La nuova funzione di WhatsApp è tutta incentrata sull’autonomia dell’utente. A differenza dei rilasci di sicurezza obbligatori che frustrano o confondono, questo livello di password è completamente opzionale. Puoi configurarlo, rafforzarlo, modificarlo o rimuoverlo come preferisci. L’app valuta persino la robustezza della password durante la configurazione, spingendo gli utenti verso scelte più solide.
Questa non è l’unica mossa recente di WhatsApp per irrobustire la sicurezza degli account. La piattaforma ha introdotto di recente il recupero dell’account basato su email, aiutando gli utenti a riottenere l’accesso anche se il loro numero di telefono è compromesso o non disponibile. Ora, la password opzionale agisce come ultima rete di sicurezza-un “fail-safe” che potrebbe fermare persino attacchi sofisticati e concatenati.
Gli esperti di sicurezza lo chiamano “difesa in profondità”-costruire più livelli indipendenti che costringono gli aggressori a superare diversi ostacoli, non uno solo. Per gli oltre due miliardi di utenti di WhatsApp, la posta in gioco è alta. Conversazioni private, foto e dati sensibili sono tutti a rischio. Con i dirottamenti di account in aumento, questo muro a più passaggi potrebbe fare la differenza tra un account blindato e un disastro digitale.

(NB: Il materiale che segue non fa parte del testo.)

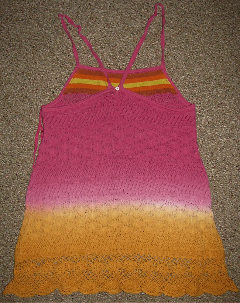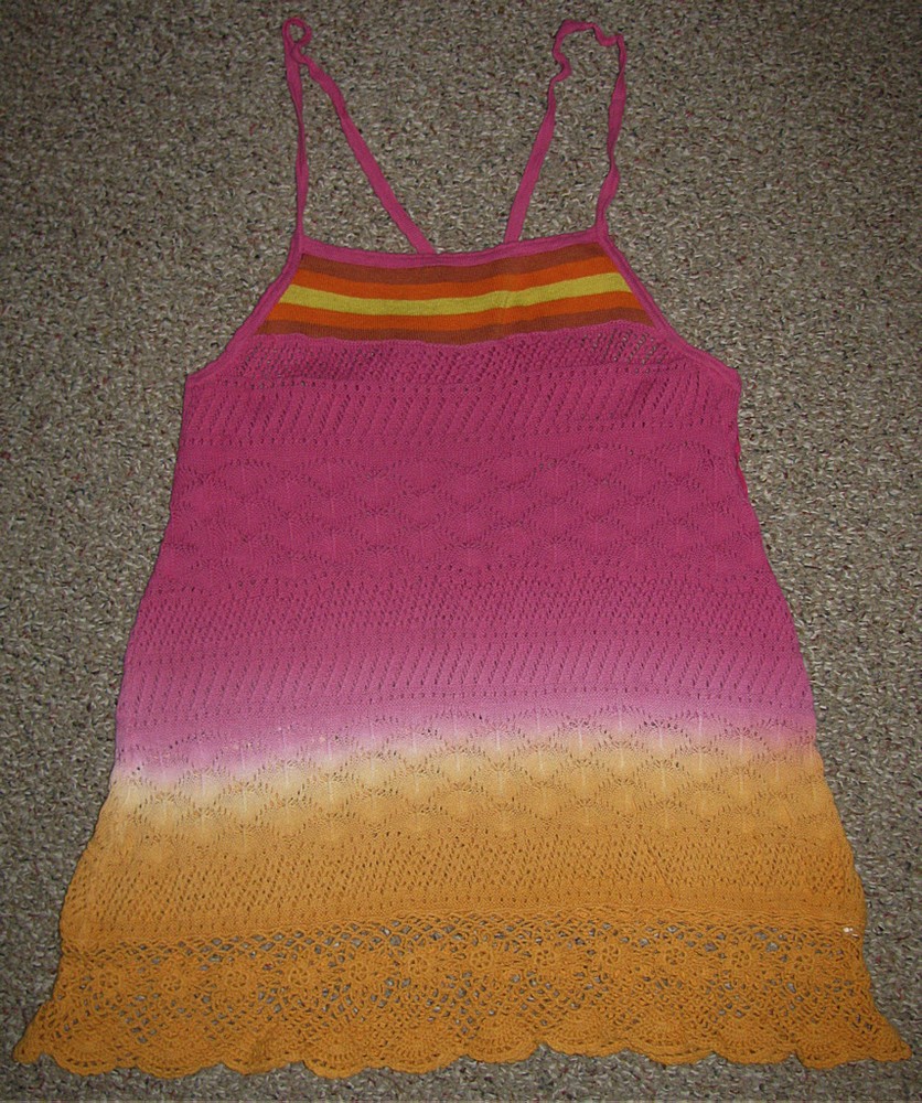 Up for your consideration is a BRAND NEW Bohemian KNIT Top from ~ * FREE PEOPLE * ~ Bohemian DIP-DYE OMBRE CROCHET-TRIM Tunic Size L MRSP: $108.00 PINK / ORANGE Sherbert The PERFECT Summer Top - Breezy, Sweet & OH-SO-Charming ~ * ~ * ~ * ~ ~ * ~ * ~ * ~ ~ * ~ * ~ * ~ Back in the 70's, Dick Hayne planted a seed in the maze of streets and trees that make up West Philly, PA when he opened a store called ~ * FREE PEOPLE * ~ . He nurtured the yound people who lived & shopped there, who looked for a little of their own freedom in the clothing they wore. The compoany has seen many changes, but has gone back to their roots of FEMININITY, COURAGE & SPIRIT. They are a mature, contemporary brand that caters to intelligence, creativity & individuality, while maintaining their great quality. Who wears ~ * FREE PEOPLE * ~ ? A woman who's smart, creative, confident & comfortable in all aspects of her being, free & adventurous - from sweet to tough, from tomboy to romantic...a girl who likes to keep busy and push life to its limits - traveling, hanging out, and everything in between! ~ * ~ * ~ * ~ ~ * ~ * ~ * ~ ~ * ~ * ~ * ~ This head-turning top will make a great addition to your wardrobe in the warmer months ahead ! Make an impression wherever you go with this great, OH-SO-SOFT BOHEMIAN flavored piece from ~ * FREE PEOPLE * ~ - great for wearing with jeans, mini skirt or even dressy pants for a " NEUVO CHIC " look - for work, school, outing, dinner date or night out on the town - so versatile for a variety of occasions, or no occasion at all! This oh-so-pretty, super stretchy OMBRE KNIT TOP comes in a lovely SHERBERT PINK / ORANGE blend. It features HORIZONTAL STRIPED TOP BAND (with SCALLOPED KNIT EDGING ), SPAGHETTI STRAPS (that meet at the center back BUTTON-CLOSE ), MULTIPLE HORIZONTAL BANDS of beautiful OPEN KNIT-WORK (that change colors from PINK at the top to TANGERINE at the bottom) and delicate, OH-SO-DAINTY wide CROCHETED SCALLOPED BORDER . The beautiful SWING-TOP cut is SOOO flattering for a wide variety of shapes and sizes, and the OMBRE COLOR GRADATION is truly stunning... ... WOW ! You'll turn heads everywhere you wear this STYLIN' yet BOHO CHIC top from ~ * FREE PEOPLE * ~ . This beautiful top isn't your everyday Summer top - it retails in upper-end department stores (Nordstrom, Neiman Marcus, Bloomies...) and specialty shops for $108.00 , but you can get it here for a lot less, and without the guilt! CHECK MY FEEDBACK & BID WITH CONFIDENCE! ~ * ~ * ~ * ~ DETAILS : 100% Authentic 100% SUPER SOFT Cotton Knit Size L : WIDTH: 16 1/2" laying flat, armpit to armpit , UNSTRETCHED (stretches to 20") LENGTH: 19 1/2" down the side seam (underarm to bottom edge ) ~ * ~ * ~ * ~ ~ * ~ * ~ * ~ ~ * ~ * ~ * ~ Pl ease email me if you have any questions or would like further pictures This item comes from a smoke-free home PLEASE READ BEFORE BIDDING : This item is BRAND NEW and a FINAL SALE , so please email me with any questions BEFORE bidding. I will be happy to clarify or answer any questions. I have made every effort to make the descriptions as clear as possible . I accept PayPal . Item will ship once cleared payment is received . Shipping is USPS PRIORITY MAIL Winning bidders must make arrangements to pay within 3 days of the end of the auction and payment must be received within same time frame via PAYPAL unless prior arrangements have been made or the item will be re-listed and negative feedback left . International Buyers – Please Note : · Import duties, taxes and charges are not included in the item price or shipping charges. These charges are the buyer's responsibility . · Please check with your country's customs office to determine what these additional costs will be prior to bidding/buying . · I cannot mark merchandise as "gifts" - US and International government regulations prohibit such behavior . Check out my other auctions - I add new items DAILY! Thanks for looking & HAPPY BIDDING! :-)
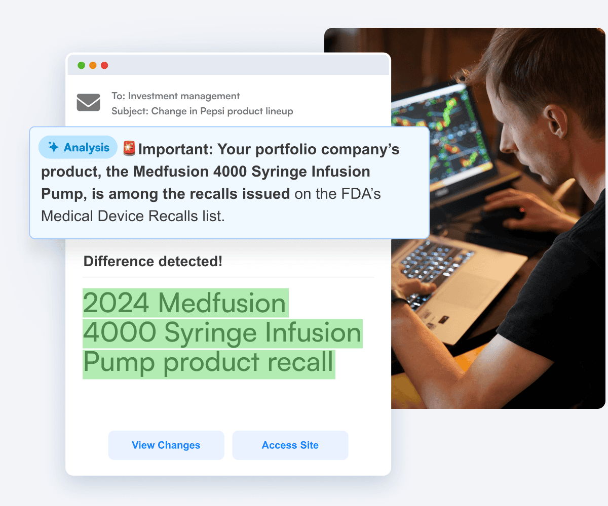 Use Visualping to keep an eye on your portfolio companies. Watch for executive team changes, disclosures, and more.

La protezione con password di WhatsApp è ancora in beta, ma il suo arrivo segnala una nuova era nella sicurezza della messaggistica-una in cui gli utenti hanno più controllo e gli hacker incontrano più ostacoli. Man mano che la funzione viene distribuita, chi tiene alla privacy farebbe bene ad attivarla presto. Nel gioco del gatto col topo della sicurezza digitale, un’altra serratura sulla porta è sempre un segnale gradito.
WIKICROOK
- SIM Swapping: Il SIM swapping è una truffa in cui i criminali ingannano le compagnie telefoniche per trasferire il tuo numero sul loro dispositivo, permettendo loro di accedere a chiamate e messaggi.
- Two: L’autenticazione a due fattori (2FA) è un metodo di sicurezza che richiede due diversi tipi di identificazione per accedere a un account, rendendo più difficile l’hacking.
- Password alfanumerica: Una password alfanumerica usa sia lettere sia numeri, aumentando complessità e sicurezza rispetto alle password con sole lettere o soli numeri.
- Phishing: Il phishing è un crimine informatico in cui gli aggressori inviano messaggi falsi per indurre gli utenti a rivelare dati sensibili o a cliccare su link malevoli.
- Difesa: La difesa nella cybersecurity utilizza più livelli di protezione per mettere in sicurezza sistemi e dati, garantendo una protezione continua anche se una misura di sicurezza fallisce.